### Records to process ###
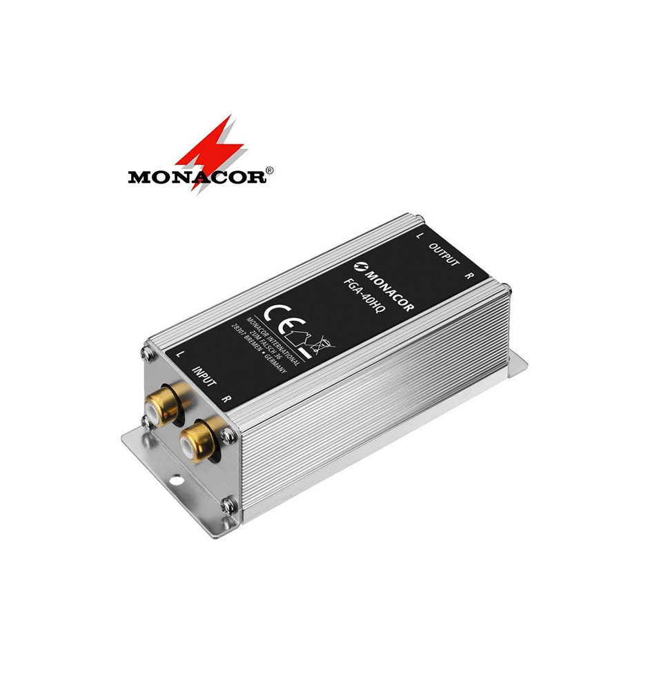 HI-END'owy separator masy Monacor FGA-40HQ służący do eliminacji zakłóceń oraz przydźwięków związanych z zapętlaniem się masy podczas podłączenia radia samochodowego do wzmacniacza.
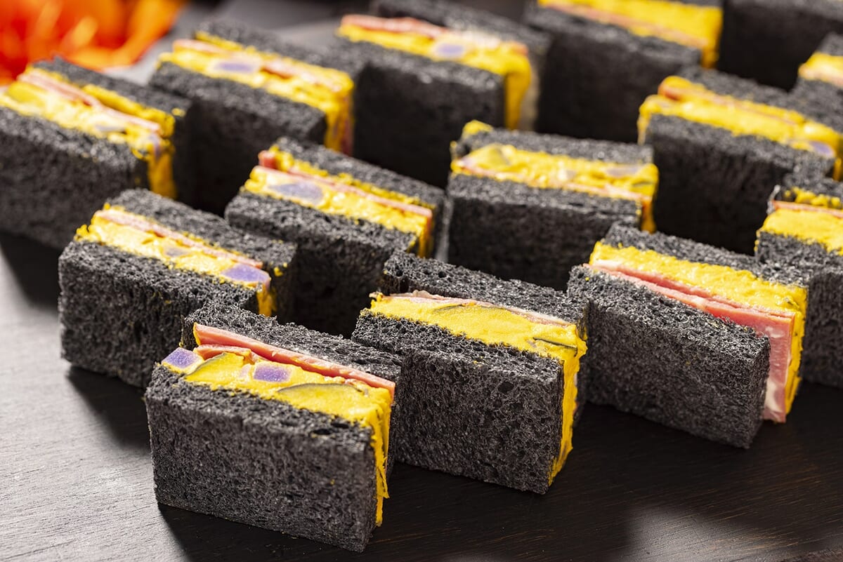 セイボリーには、かぼちゃと紫芋を合わせたサラダを真っ黒なパンで挟んだ「パンプキン&シャドークイーンの竹炭サンド」も登場。
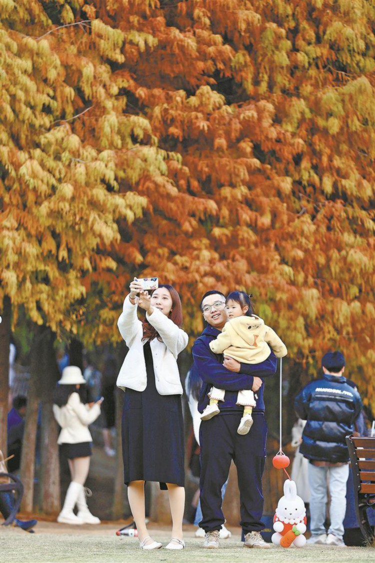 园博苑澳门园一带的落羽杉进入最佳观赏期,不少市民前往打卡。
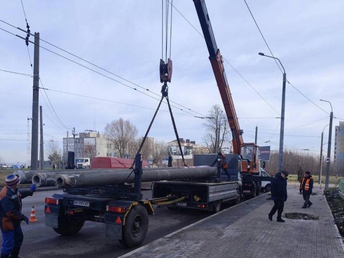 Працівники служби електрогосподарства КП "Рівнеелектроавтотранс" РМР по вулиці Соборній (Луцьке кільце) встановили і демонтували три аварійні опори контактної мережі.
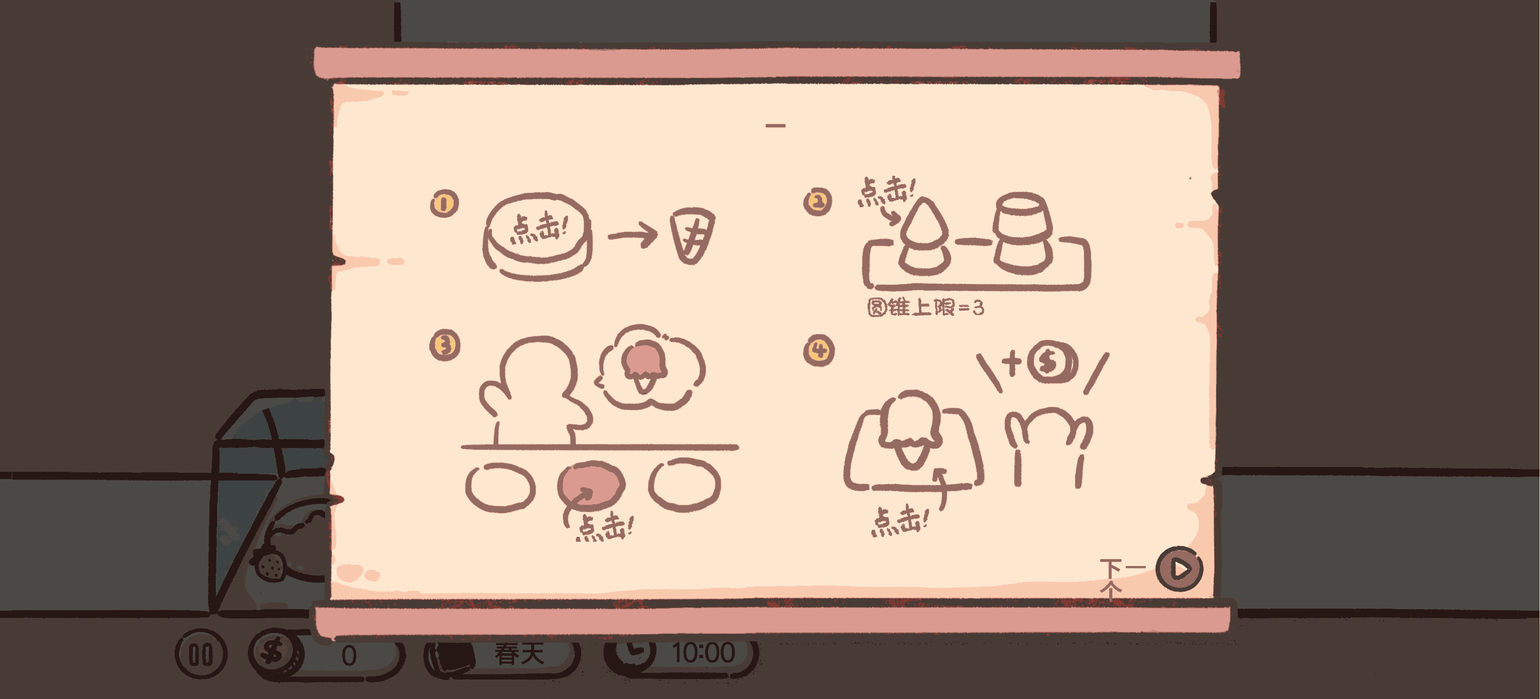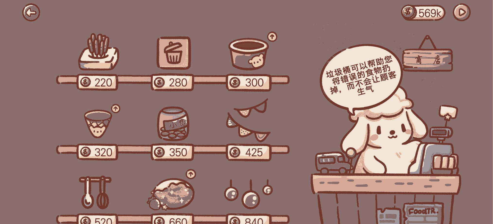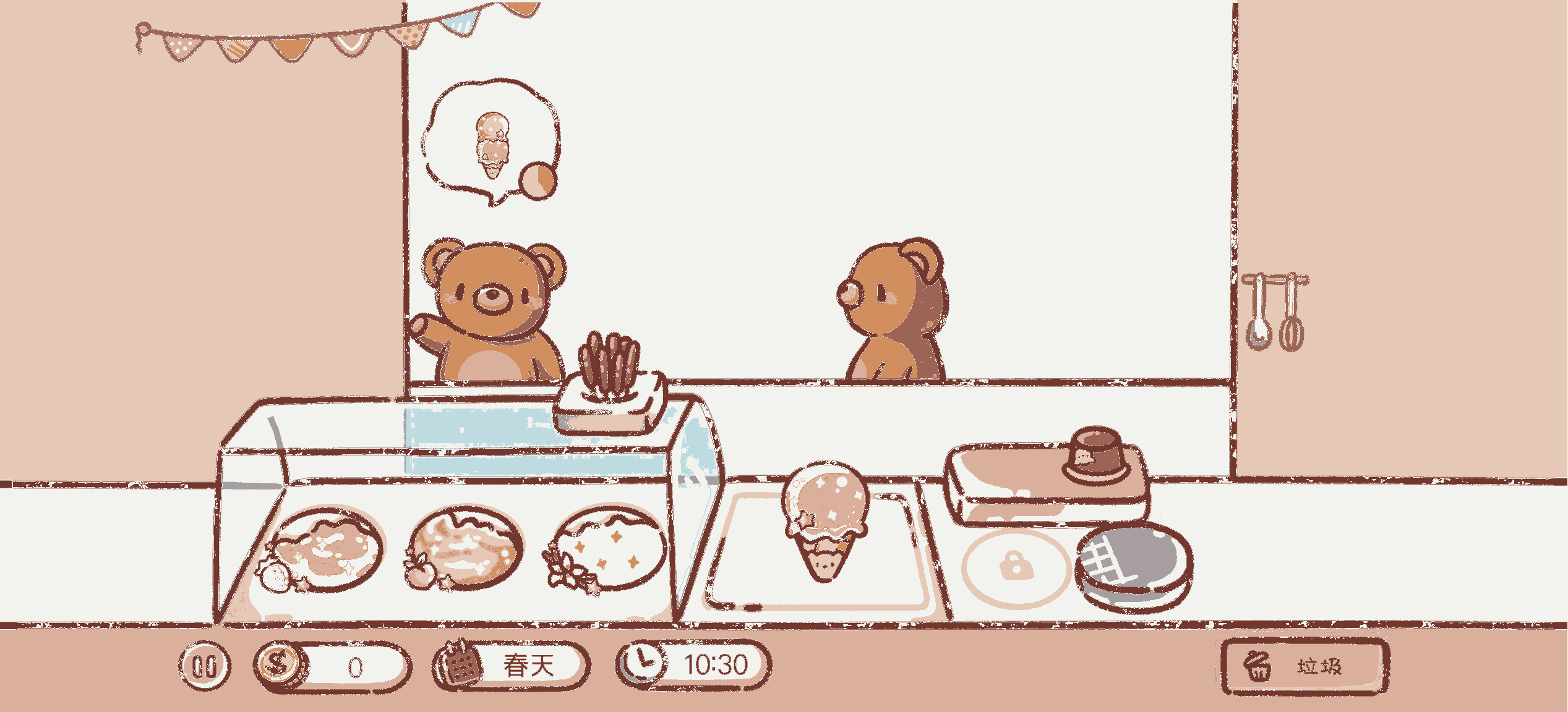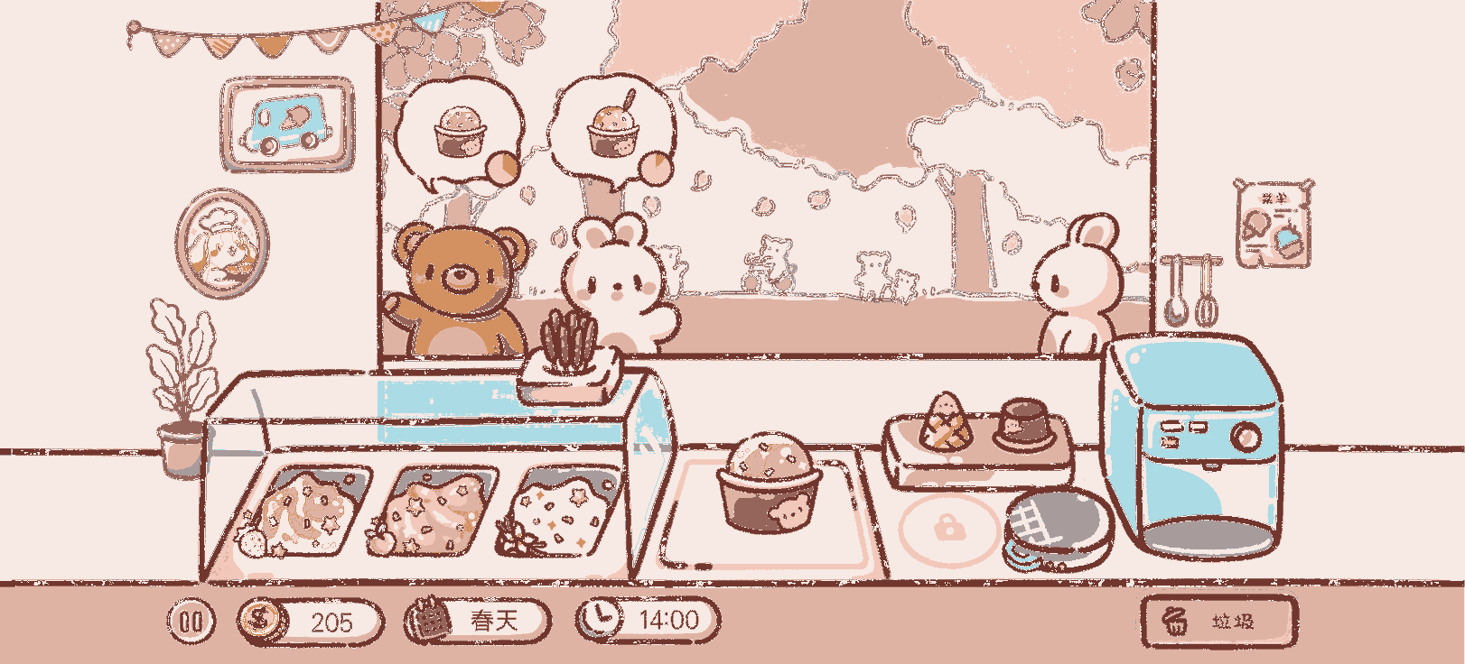 可爱的小狗狗们在夏日合力开了一家冰淇淋餐车店! 你在餐车内工作,要想尽办法满足客户们的要求。 客户有小熊、小兔子等各类小动物。 他们想要的冰淇淋五花八门。 口味可能不同,还可能要多层的,甚至要加上装饰品,或者额外的饮品。 当然,要求越多,给的也越多,赚钱嘛,不寒碜~ 你赚到的钱可升级餐车内的设备,制作更豪华的冰淇淋。 夏天,玩这种游戏最适合了吧!
###
- [Brief]:
Repeat, word for word, the lines of the material above from the one holding "セイボリーには、かぼちゃと紫" through the one holding "Працівники служби електрогосподарства". Leave out pictures.

- [Your solution]:
 セイボリーには、かぼちゃと紫芋を合わせたサラダを真っ黒なパンで挟んだ「パンプキン&シャドークイーンの竹炭サンド」も登場。
 园博苑澳门园一带的落羽杉进入最佳观赏期,不少市民前往打卡。
 Працівники служби електрогосподарства КП "Рівнеелектроавтотранс" РМР по вулиці Соборній (Луцьке кільце) встановили і демонтували три аварійні опори контактної мережі.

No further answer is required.